Title: Estimation of the mitigated fraction from ordinal data in the evaluation of vaccine efficacy 

Abstract:

Vaccine efficacy can be established through the estimation of several numerical measures found in the literature. A widespread and common measure of efficacy for vaccines, especially those designed to prevent a given disease, is the prevented fraction.  Unfortunately, the prevented fraction can be used only when the outcome is dichotomous. It is worth noting that some useful vaccines reduce the severity of the targeted disease rather than entirely prevent its occurrence. The concept of the mitigated fraction was introduced in veterinary medicine to quantify the reduction in the severity of disease occurring in vaccinated animals as compared to non-vaccinated animals. The USDA’s Center for Veterinary Biologics (CVB) recommends a form of the mitigated fraction proposed by Siev (2005) which can be easily calculated when the disease severity can be graded by some continuous measure or by some discrete assessment resulting in unambiguous ranks. Current CVB guidance suggests that the mitigated fraction be estimated non-parametrically via the use of the mean ridit (Bross, 1958) and Wilcoxon rank sum statistics.

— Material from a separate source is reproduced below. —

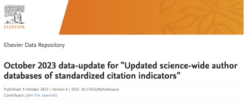 2023年10月4日,斯坦福大学和Elsevier共同发布了美国斯坦福大学John P.A.Ioannidis教授团队发布了第六版《2022年全球前2%顶尖科学家榜单》(World’s Top 2% Scientists)。榜单以Scopus数据库为依据,基于引用次数、H因子、HM因子等6种指标,为全球学术界提供一个面向科学家长期科研表现的衡量指标,能较为客观真实地反映科学家在全球范围的影响力及为相关领域发展作出的杰出贡献,入选榜单,意味着该学者在其研究领域具有较高的世界影响力。根据“年度影响力”从22个领域和176个子领域,近700万名科学家中遴选出世界排名前2%的科学家。

A survey of recent literature indicates a growing interest in measures of effect size when the outcome variable is ordinal, especially when observations are clustered or measured longitudinally. Here, a parametric approach has been carried out using several statistical procedures under different experimental designs to estimate the mitigated fraction from an ordinal response. Preliminary work shows the parametric approach works well for a completely randomized design and may be extended to studies where more than two treatments are compared whereas the method of Siev (2005) can handle only two treatment levels (vaccinated and non-vaccinated). Furthermore, analysis results for datasets with a clustered ordinal response are explored under various statistical procedures. Extension of these procedures to multisite vaccine trials will also be discussed.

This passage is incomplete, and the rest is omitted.